Normalization-Test

Comparison normalization to pre-process images when using a pre-trained model

Motivation

It is generally known that when using a pre-trained model for fine-tuning, the image for fine-tuning is normalized using the statistics of the data to be used for fine-tuning. This is because the data for fine-tuning is different from the distribution of the data used for pre-training.
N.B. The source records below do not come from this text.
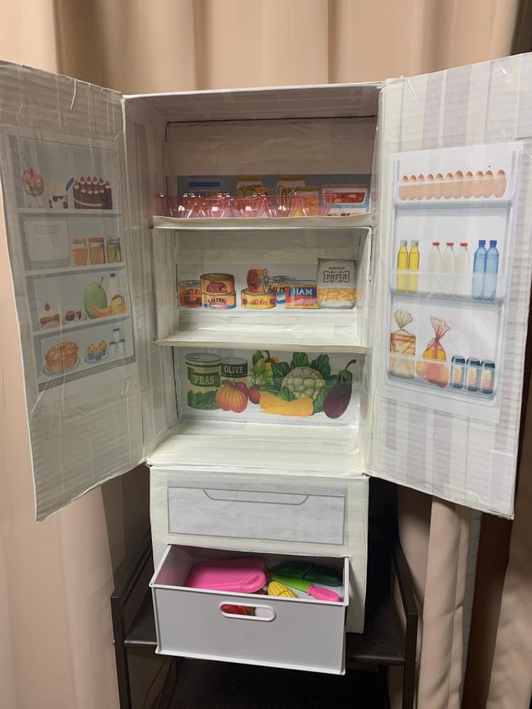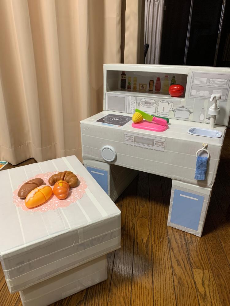 初孫用に作ったダンボール工作です。キッチンセットや滑り台を手作りしました。
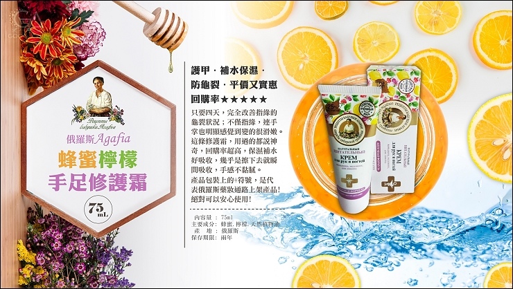 老實說我是個很懶的女人,很少保養也懶得保養,還好我沒有手腳乾裂的問題,所以很少使用護手乳,這款來自俄羅斯的Agafia(阿卡菲老奶奶)手足修護霜聽說熱賣兩萬條!!!我相當訝異,尤其現在並不是乾燥的冬季欸,好神奇呀~~
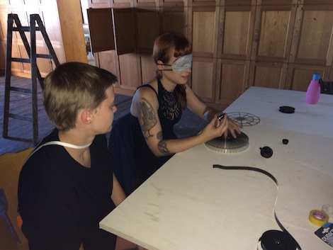 Listening to your senses carefully is crucial to work with a 16 mm film. This nostalgic medium requires attention; it’s heavy and the filmmaker should be patient to have the final solution. At the end, things might not end up as the way it's expected to be… Sounds like life, right? For instance, to learn how to roll the film in the dark, students of the class Film as a Sensitive Body have to practice with a sleeping mask. The idea is to learn how to rely on your other senses such as hearing or touch… Not to crack the film, while rolling as well as “It’s still an exciting act even after 8 years. This adrenaline makes it fun.” said the co-teacher Viktoria Schmid. Once, while working with a print film – a copy from a negative, which can be rolled under the red light, Schmid made several mistakes. She was not using her senses enough as her eyes dominated her ears.
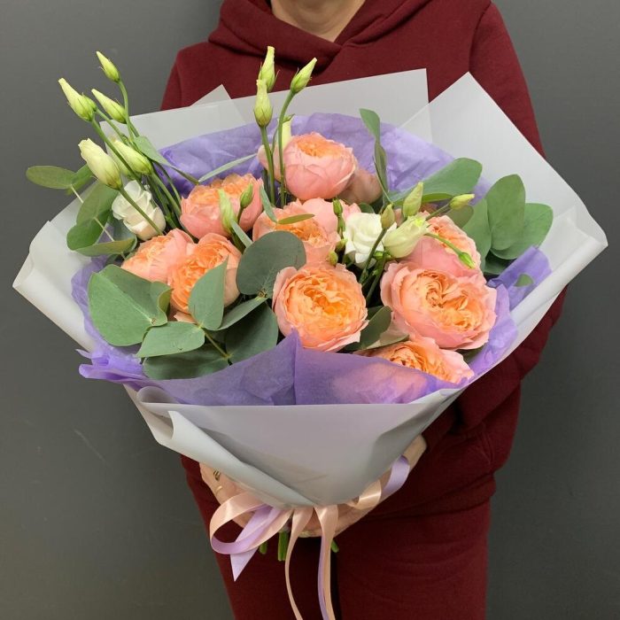 Эвкалипт – 5 шт.Лента атласная – 2 шт.Тишью – 1 шт.Лизиантус белый – 3 шт.Упаковка корейская пленка – 1 шт.роза кустовая пионовидная премиум джульетта – 3 шт.
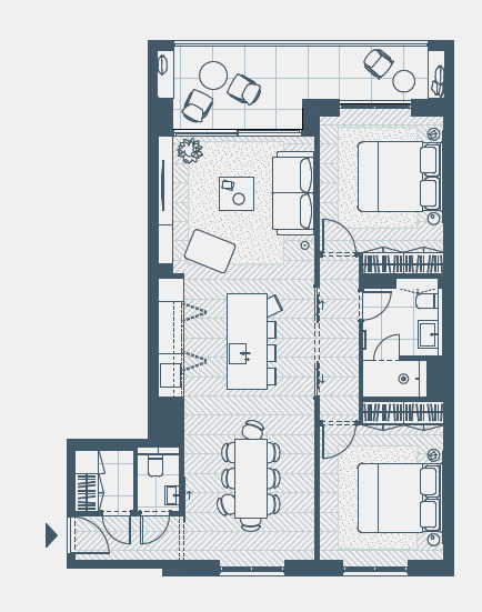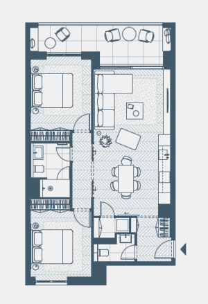 Az „F” típusú lakások sarokelhelyezkedésükkel és nagy teraszukkal tágas és világos életteret biztosítanak.
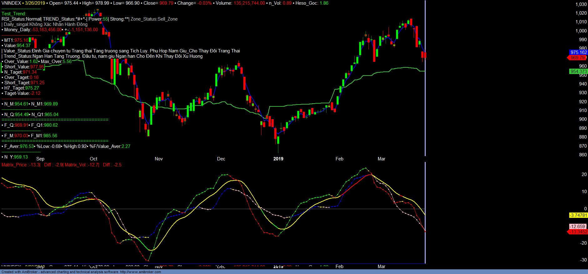 + VNINDEX tiếp tục điều chỉnh sau khi phục hồi 978-980 như dự kiến phiên trước, VNINDEX cũng suy yếu hơn do số mã trend_up suy giảm nhanh. VNINDEX hiên nay đã mất hỗ trợ giá trị Short_value. Dự kiến VNINDEX sẽ giao động trong biên độ hep 964-974 để chờ chốt NAV quí 4, trường hợp mất 964 (có thể xảy ra do VN30 như VIC test hỗ trợ đỉnh cũ tháng 04/2018 là 113 thất bại, và một số mã thuôc VN30 có thể bị sell_off ngắn ) thì VNINDEX sẽ về ngay hỗ trợ 950+- mới có thể thu hút dòng tiền gia tăng trở lại. Do Trend_up giảm, dòng tiền tiếp tục suy yếu nhanh. Vì vậy vẫn ưu tiên cơ cấu danh mục. Khá nhiều mã sau quá trình điều chỉnh mạnh đã về vùng hỗ trợ hấp dẫn, nhưng cần đánh giá triển vọng tăng trưởng kế tiếp. Các vị thế mở mua đầu tư mới, hoặc gia tăng tỉ trọng hiện vẫn không khuyến nghị cho đến khi có số liệu chốt NAV quí I/2019, xác nhận xu hướng định giá của VNINDEX, VN30 trong đầu quí II/2019, cũng như cho đến khi có tín hiệu Dòng tiền money_in tạo đáy, phục hồi trở lại. Danh mục đề xuất, khuyến nghị đầu tư tiếp tục cơ cấu và xem xét bổ sung khi có những cơ hội tăng trưởng tốt. Chi tiết tham khảo các Danh mục.
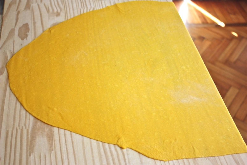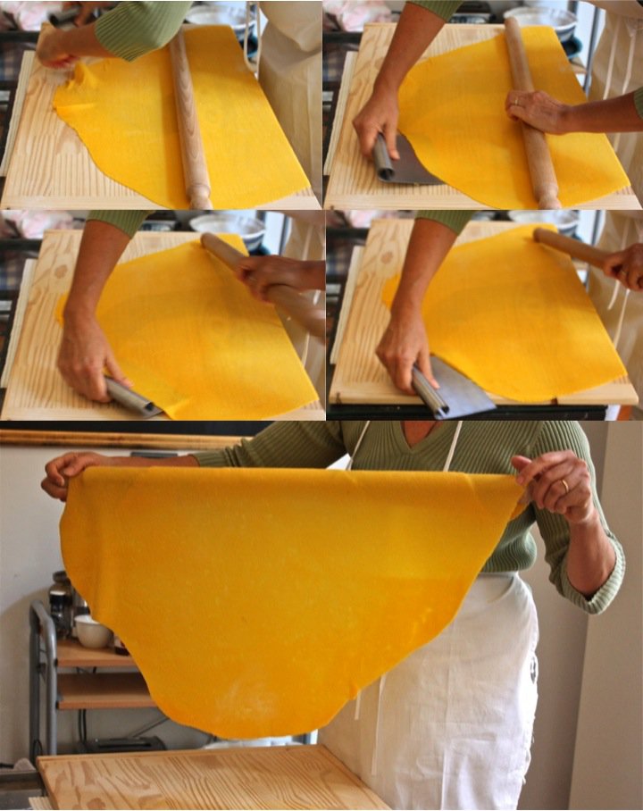- Depending upon the amount of pasta you are making, the sheet could be enormous by now, and difficult to work with, as mine was for four people. Work on each edge only once, if possible.

However, sometimes the data to be fine-tuned is normalized by the statistics of the data used for pre-training, and the performance is better or similar. Therefore, I would like to experiment to see in which cases this difference occurs.

Experiments

Baseline

In this experiments, I used different types of CNN models, ResNet and DenseNet, and varied the size of the models to use them as baseline models.

model	#Params
ResNet18	11M
ResNet50	24M
DenseNet121	7M
DenseNet161	27M

Dataset

We use four datasets for our experiments. We also use the mean and standard deviation to check the statistics after normalization, or the mean and standard deviation of ImageNet-1k used for model pre-training.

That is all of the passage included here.